Hopefully I'll be trying Black Hole by machine in the spring and experimenting by popping some Zaino Z2 or Gloss-IT Concorso on top :buffer:


----------



## BigLeegr

Steve (Of PBW) said this:"we prefer to use Black Hole with a finishing pad and a speed of about 2-3 with a PC"


----------



## alxg

yetizone said:


> I've never actually used it - but I have used Chemical Guys EZ Glaze which is similar and used that via Kestrel DA on speeds 3-4 on a finishing pad.
> 
> Hopefully I'll be trying Black Hole by machine in the spring and experimenting by popping some Zaino Z2 or Gloss-IT Concorso on top :buffer:


do you think Z2 will go on top of BH okay?
I was always led to believe that Zaino is quite fussy and likes either totally clean or z-aio as it's base?

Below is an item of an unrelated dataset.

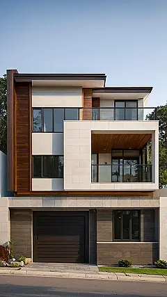 This house is like a fancy architectural sandwich, isn’t it? You’ve got the bottom floor all business with its garage, then the top floor is like, “Hey, let’s chill on this sweet balcony!” It’s a two-story design that screams, “I’m modern, I’m stylish, and I definitely have a robot vacuum for all this hard flooring!” Imagine throwing parties here; downstairs for the chips and dip, upstairs for the deep chats and staring at the stars (or maybe just scrolling through TikTok).
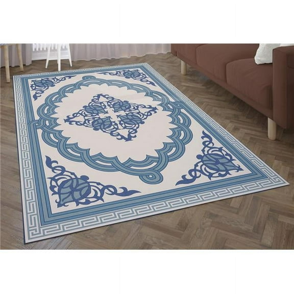 DEERLUX Deerlux Transitional Living Room Area Rug with Nonslip Backing, Blue Medallion Pattern, 8 x 10 ft Large

Back to BH, speed 3-4 on a finishing pad on my G220 with slowish passes until you start to see a shine, then leave to haze and buff off.
Really good stuff, especially on black.


----------



## goo

I used Black Hole + EX-P on the wife's Magnetic Blue Civic a few weeks ago and whilst it didn't immediately take on a breathtaking shine, the shine is still there now. If anything, it's more glossy since I've washed it (Dodo BTBM) than it was on the day I Black Holed it. Maybe you could try EX-P on top?


----------



## PaulN

alxg said:


> do you think Z2 will go on top of BH okay?
> I was always led to believe that Zaino is quite fussy and likes either totally clean or z-aio as it's base?
> 
> Back to BH, speed 3-4 on a finishing pad on my G220 with slowish passes until you start to see a shine, then leave to haze and buff off.
> Really good stuff, especially on black.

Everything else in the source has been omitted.